Pragmatists in SF have accepted privately that left-led government is unlikely and their most viable path to power is with Fianna Fáil

A burnt-out Luas the day after the Dubin riots. Photograph: Tom Honan
A burnt-out Luas the day after the Dubin riots. Photograph: Tom Honan

Irish politics swerved late in 2023 with the riot on the streets of Dublin.

After a group of far-right protesters attacked gardaí who were guarding the scene of a stabbing attack on schoolchildren, violence and disorder spread rapidly as young men with mayhem on their minds flocked into the city centre. It was several hours before the gardaí regained control of the city, and the following morning revealed burned-out cars, buses and trams and looted shops. Bewildered Dubliners surveyed the scene and wondered: how in the name of God did that happen?

The political fallout centred initially on the halting and unsure response of both the Minister for Justice Helen McEntee and the Garda Commissioner Drew Harris. They flooded the centre of Dublin with gardaí, terrified of a repeat performance, while promising extra resources, more gardaí, better equipment and plenty of encouragement to use it.

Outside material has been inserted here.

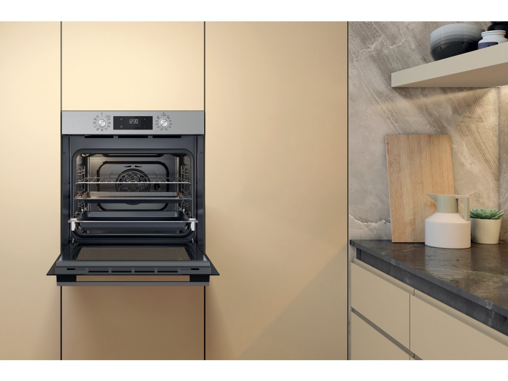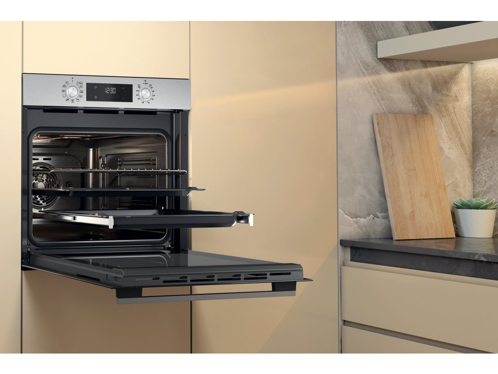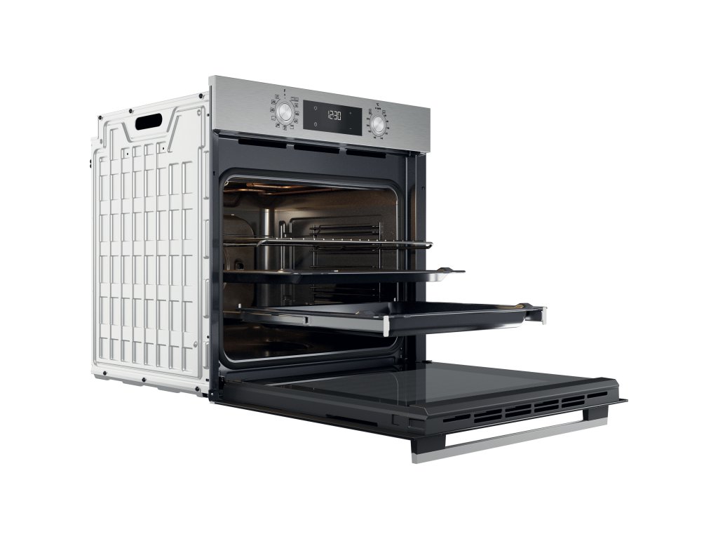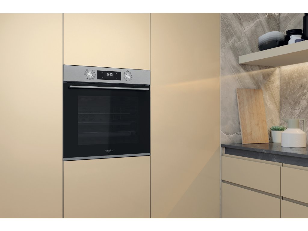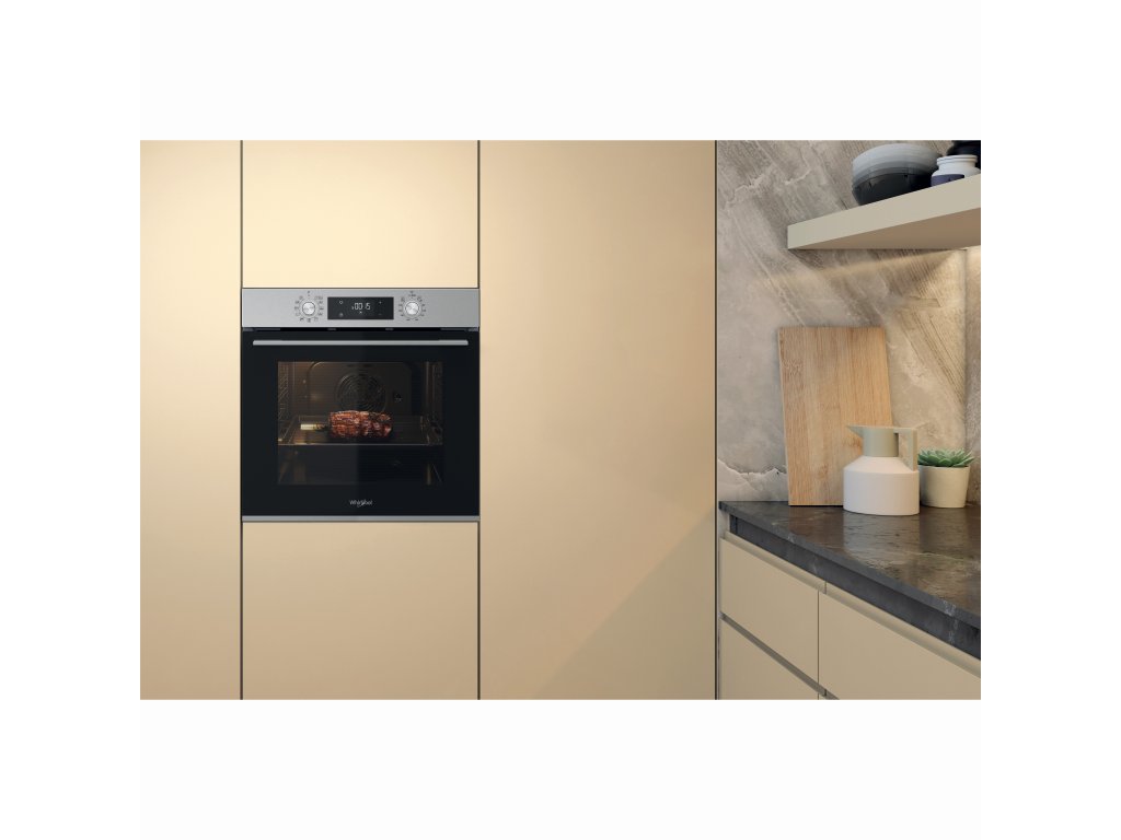 Výhody tejto vstavanej rúry Whirlpool: pokročilá elektrická technológia pre prípravu jedla s úsporou energie. Inovatívna funkcia Cook3, ktorá umožňuje piecť až tri rôzne jedlá naraz bez rizika zmiešania chutí.

Sinn Féin did the obvious thing and immediately declared that it had “zero confidence” in the Minister and the commissioner. But its subsequent Dáil motion suggested that the party had misjudged the political mood – which was not all that impressed with McEntee, but rather disinclined to reward the rioters with the head of the Minister for Justice – and after Sinn Féin got kicked around the Dáil for the evening, to the great delight of Fine Gael, the Government actually grew its majority with the support of Independents.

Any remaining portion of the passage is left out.